EXERCISE MATERIALS:
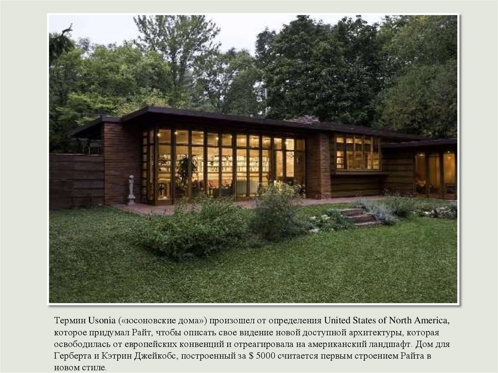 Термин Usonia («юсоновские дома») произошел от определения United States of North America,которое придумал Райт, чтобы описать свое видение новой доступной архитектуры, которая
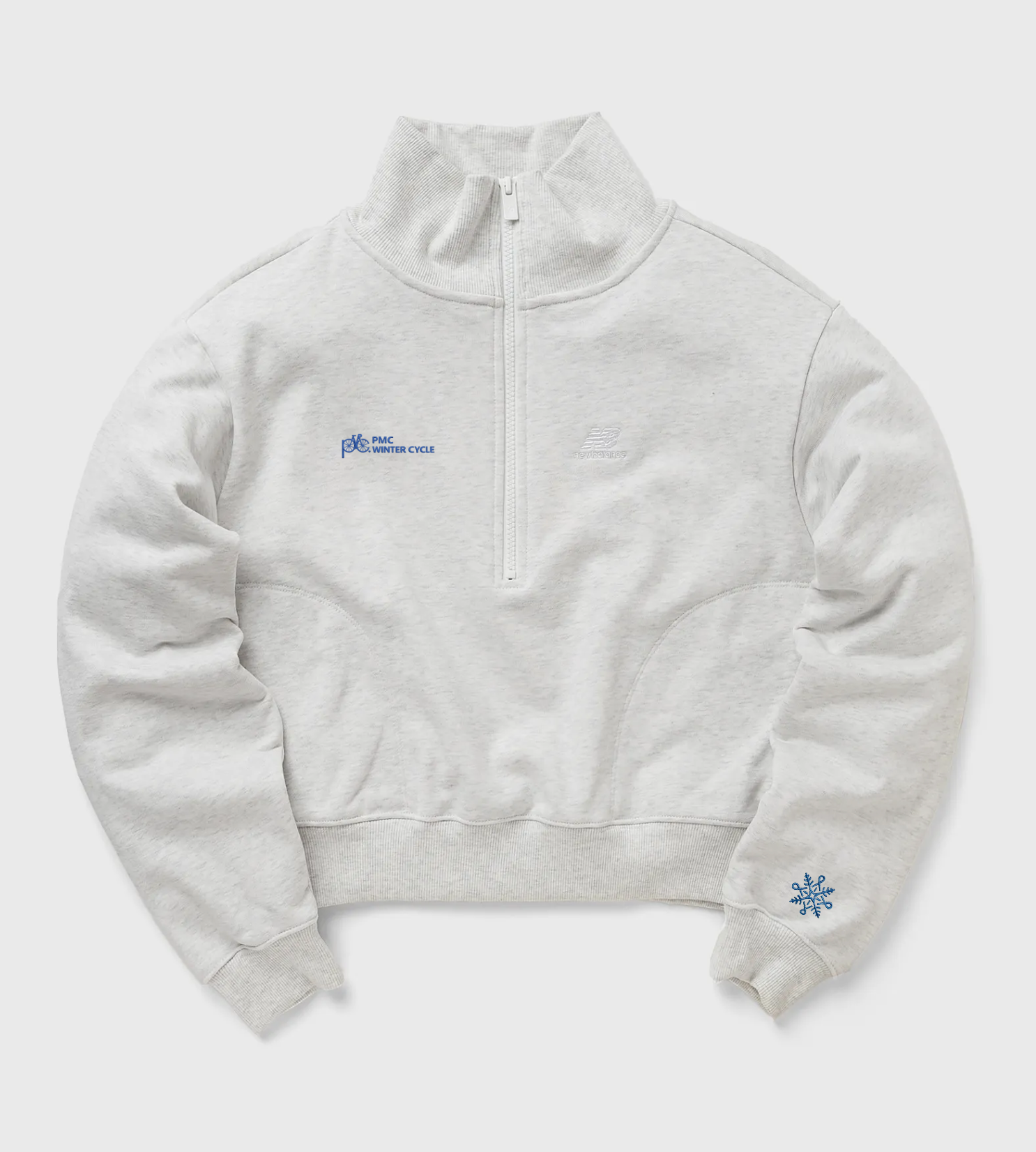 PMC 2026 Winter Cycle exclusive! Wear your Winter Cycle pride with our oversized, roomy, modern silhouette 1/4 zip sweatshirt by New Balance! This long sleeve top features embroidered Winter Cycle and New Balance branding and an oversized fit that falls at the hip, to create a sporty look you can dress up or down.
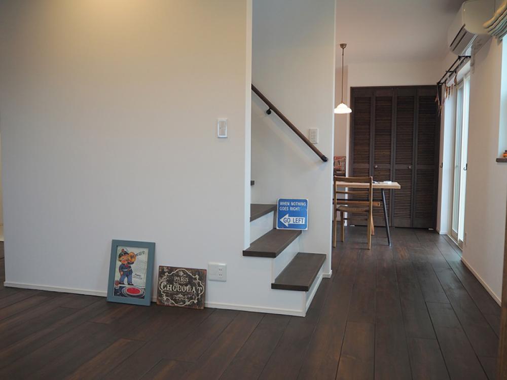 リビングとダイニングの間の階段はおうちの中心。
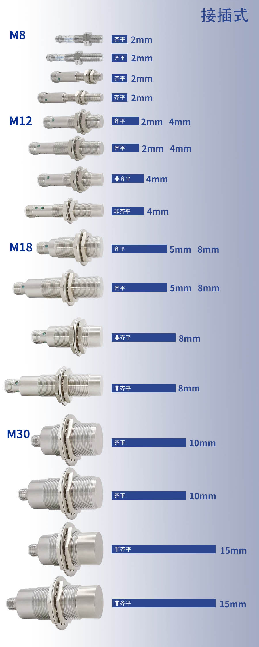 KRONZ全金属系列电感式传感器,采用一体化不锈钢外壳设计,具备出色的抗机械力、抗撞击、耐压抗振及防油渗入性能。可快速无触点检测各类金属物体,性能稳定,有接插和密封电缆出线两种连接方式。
--
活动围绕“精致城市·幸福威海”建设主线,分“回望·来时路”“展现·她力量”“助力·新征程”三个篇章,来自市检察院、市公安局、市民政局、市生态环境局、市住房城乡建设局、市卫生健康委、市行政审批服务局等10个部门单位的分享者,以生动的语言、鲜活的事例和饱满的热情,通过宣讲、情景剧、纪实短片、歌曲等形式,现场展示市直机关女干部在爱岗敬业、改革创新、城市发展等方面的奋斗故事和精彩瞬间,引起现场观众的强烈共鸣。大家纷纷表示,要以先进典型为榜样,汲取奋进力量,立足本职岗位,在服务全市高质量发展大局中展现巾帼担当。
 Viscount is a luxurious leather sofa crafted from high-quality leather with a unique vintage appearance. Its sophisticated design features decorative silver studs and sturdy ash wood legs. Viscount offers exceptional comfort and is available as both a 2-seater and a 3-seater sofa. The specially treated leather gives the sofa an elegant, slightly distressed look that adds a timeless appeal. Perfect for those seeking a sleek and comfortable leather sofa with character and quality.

YOUR INSTRUCTIONS: Your answer must be everything above from the line with "доступной архитектуры, которая" down to the line with "KRONZ全金属系列电感式传", word for word, and no pictures.

ANSWER SPACE:
 Термин Usonia («юсоновские дома») произошел от определения United States of North America,которое придумал Райт, чтобы описать свое видение новой доступной архитектуры, которая
 PMC 2026 Winter Cycle exclusive! Wear your Winter Cycle pride with our oversized, roomy, modern silhouette 1/4 zip sweatshirt by New Balance! This long sleeve top features embroidered Winter Cycle and New Balance branding and an oversized fit that falls at the hip, to create a sporty look you can dress up or down.
 リビングとダイニングの間の階段はおうちの中心。
 KRONZ全金属系列电感式传感器,采用一体化不锈钢外壳设计,具备出色的抗机械力、抗撞击、耐压抗振及防油渗入性能。可快速无触点检测各类金属物体,性能稳定,有接插和密封电缆出线两种连接方式。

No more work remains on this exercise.